GABlog Generative Anthropology in the Public Sphere

July 28, 2006

Darkest Just before the Dawn?

Filed under: GA — ericgans @ 12:31 am

The MacNeil-Lehrer newshour, which I’ve watched over the years as a reasonably fair-minded program, has an interesting way of covering the recent Israel-Hezbollah conflict. They begin with one of those British reporters who must learn their craft in a mortuary–every sentence ends with a fall–showing us the latest results of Israeli destruction; bombed-out buildings, piles of rubble (today one was topped with a dusty child’s toy), interviews with homeless victims… The strongly conveyed implication is that Israel is indiscriminately bombing “innocent people” for no reason except revenge or general frustration. Then we have our Israel segment, much shorter, with perhaps a bit of destruction, but more likely some footage of soldiers preparing for battle, sitting on a tank, maybe evacuating their wounded. In short, the tough military against the helpless civilians.

Well, journalism today is victimary to the core; if it bleeds (and there’s a reporter around to blame it on the US, Israel, or Mother Nature), it leads. But I was a bit taken aback by the following segment, which involved a group of specialists in the Arab media, but no one remotely connected to Israel, discussing the grave problem that, in contrast with the enlightened Middle East, the USA is getting a one-sided account of the fighting–the Israeli side. It appears that “the media” have bettter contacts in Israel than with Hezbollah and are misleading their viewers into thinking that this is just a John Wayner between the good guys and the bad guys; “nuance” is being lost. Ah, those Israeli lobbyists… And it’s nice to know that the Corporation for Public Broadcasting is helping to restore the balance by its “nuanced” reporting of Israeli devastation.
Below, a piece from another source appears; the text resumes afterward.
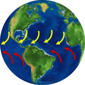 Однако не весь воздух идёт наверх: часть воздуха остаётся у поверхности и продолжает двигаться вдоль экватора, в направлении с востока на запад. Этот восточный ветер, дующий вдоль экватора, приводит в движение воду – так формируется южное и северное пассатные течения вдоль экватора.
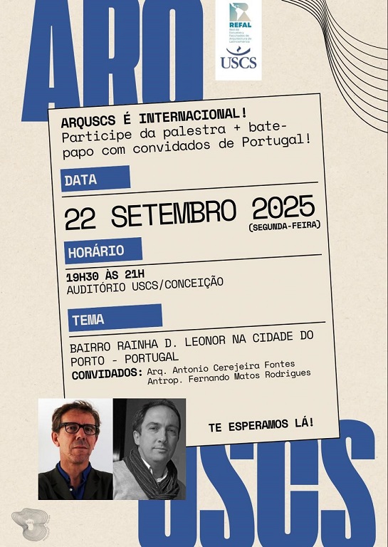 No próximo dia 22 de setembro de 2025, entre as 19H30 e as 21H00, Fernando Matos Rodrigues, antropólogo e investigador CICS.NOVA.UMinho, e António Cerejeira Fontes, arquiteto, participarão na iniciativa “ARQUSCS INTERNACIONAL”, desenvolvida pela Universidade de São Caetano do Sul, no Brasil. Este é um espaço de diálogo e partilha de conhecimento sobre arquitetura, urbanismo e sociedade, num contexto internacional.

On reflection, I found this little cloud was not without backlighting. If the media elite are suddenly so concerned about nuance, could it be for fear that segments of the population may be slipping away from the victimary perspective? That maybe even Democratic politicians are recalling that FDR, HST, and JFK were not pacifiists?

Let’s not speak of antisemitism. The point of this reporting is to show us that all “war is hell,” but that if one comes down to cases, the winning side is perforce more warlike and therefore more hellish than the losers. This way of thinking has been instilled in the European psyche since the early postwar era; Marguerite Duras/Alain Resnais’ Hiroshima mon amour is a beautiful demonstration that the Japanese and the Germans were the real victims of WWII–because they lost. Thinking like this bears no costs when one is protected by “deterrence” that makes the hellishness of war logically inconceivable. But it wouldn’t have worked with Hitler and it’s not going to work with Ahmadinejad. Sometimes you just have to want to win, to be “more hellish” than the other guy because you’re the one with the white hat. Let’s hope that the Hamas-Hezbollah wakeup call is enough to remind us of this.

-eric gans

2 Comments »

  1. It’s been pointed out that Hamas and Hezbollah, as well as Al-Queda, are not trying to defeat us or Israel in the traditional sense, at least not in the short term. They’re not that stupid. Their strategy is public relations, to be portrayed as both heros and victims. In this way they can gain advantages at the negotiation table, or simply concessions and recognition. THE BATTLE OF ALGIERS is the classic cinematic example of terrorist strategy (I have no idea how historically accurate it is). In any case, doesn’t our strategy against the terrorists have to take these issues into account somehow?

    Comment by Q — July 28, 2006 @ 8:59 am

  2. Of course that’s true, but isn’t “public relations” just another term for “white guilt”? They are heroes for punishing us, nothing more, and they are victims to the extent that anyone we fight against are by definition victims. What is remarkable here is the way the definition of hero and victim has been “minimalized” here, defined completely in terms of the guilty “white” center: nothing, absolutely nothing, these groups do could earn them such designations aside from their sheer otherness to us. Gans has distinguished the “classical” national liberation strategy of terrorism from this new apocalyptic one, which, even in your own description here is far more open-ended and therefore far more difficult (if at all possible) to satisfy than driving out the colonizer (I don’t mean to suggest that you are proposing trying to satisfy them–just that the very notion that they are aiming at “concessions or recognition” implies such a calculation, somewhere down the road). So the implications for strategy would be to fight them uncompromisingly in such a way as to “mark” the center (white guilt being the guilt of the unmarked to the marked), while keeping the center/margin relation intact, i.e., acknowledging the necessity of a center, to be defended simply by whoever is capable of defending it rather than by some natural occupant.